Not surprisingly, the cash market was still falling going into the weekend. Generally Friday’s losses were mild at a dime or less, though, and few points fell much more than a dime other than San Juan Basin, Malin and the California border into PG&E.

Border-SoCalGas numbers were mostly flat, allowing that point to avoid the overall softness. Colder weather entering the Pacific Northwest prompted a shipper advisory from Northwest Pipeline and resulted in only small drops of about 3 cents for Sumas and Stanfield.

“It’s that time of year again.” That was one marketer’s assessment of why prices were able to shrug off the post-season blasts of winter hitting many parts of the East until late last week, and continued to weaken after last Monday’s one-day rally.

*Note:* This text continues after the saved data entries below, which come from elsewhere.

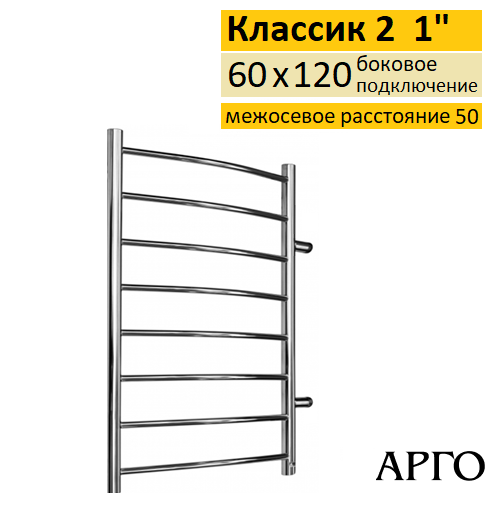Купить полотенцесушитель водяной Арго Классик 2 60-120 8Д 1" с боковым подключением можно в магазине tm24.by или заказать доставку по всей стране. У нас большой ассортимент полотенцесушителей Арго серии Классик.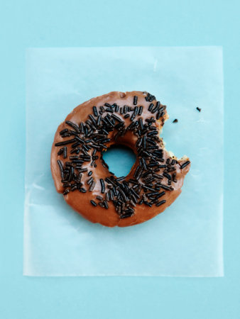 Eaten delicious chocolate donut with Sprinkles Isolated on White Background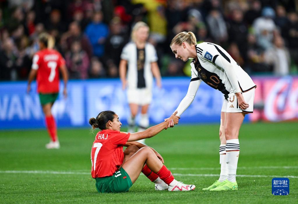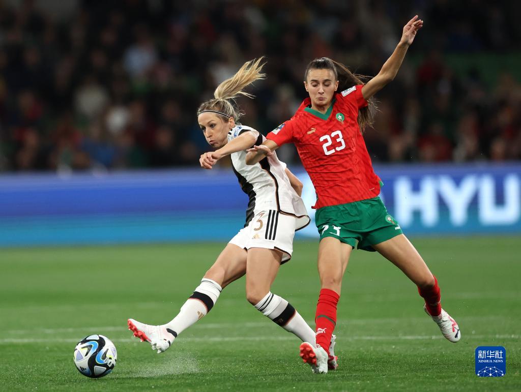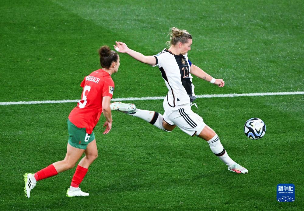 当日,在澳大利亚墨尔本举行的2023年国际足联女足世界杯H组小组赛中,德国队以6比0战胜摩洛哥队。

He meant that the market fundamentals of a true shoulder month were coming into play more strongly.

The big storage refill volume reported by AGA blunted some of the urgency about hurrying up with injection season, another trader pointed out. And with the unusually cold weather of last week fading away Friday, with little in the way of air conditioning load to replace it, weather-related demand figures to be rather benign for a while, he added.

The market was rather featureless as the week ended, a couple of sources agreed. The screen gave few clues, they said, as it remained mildly softer during morning cash trading only to push mildly higher in the afternoon.

A large aggregator said he was “trying to do something for May this [Friday] afternoon, but I can’t drum up any interest.” It seemed like most Houston-based traders had left their offices early to go to the Shell Houston Open golf tournament, he said. A Gulf Coast marketer said he had been approached about May purchases by an end-user, “but we just weren’t ready to get involved with that yet.”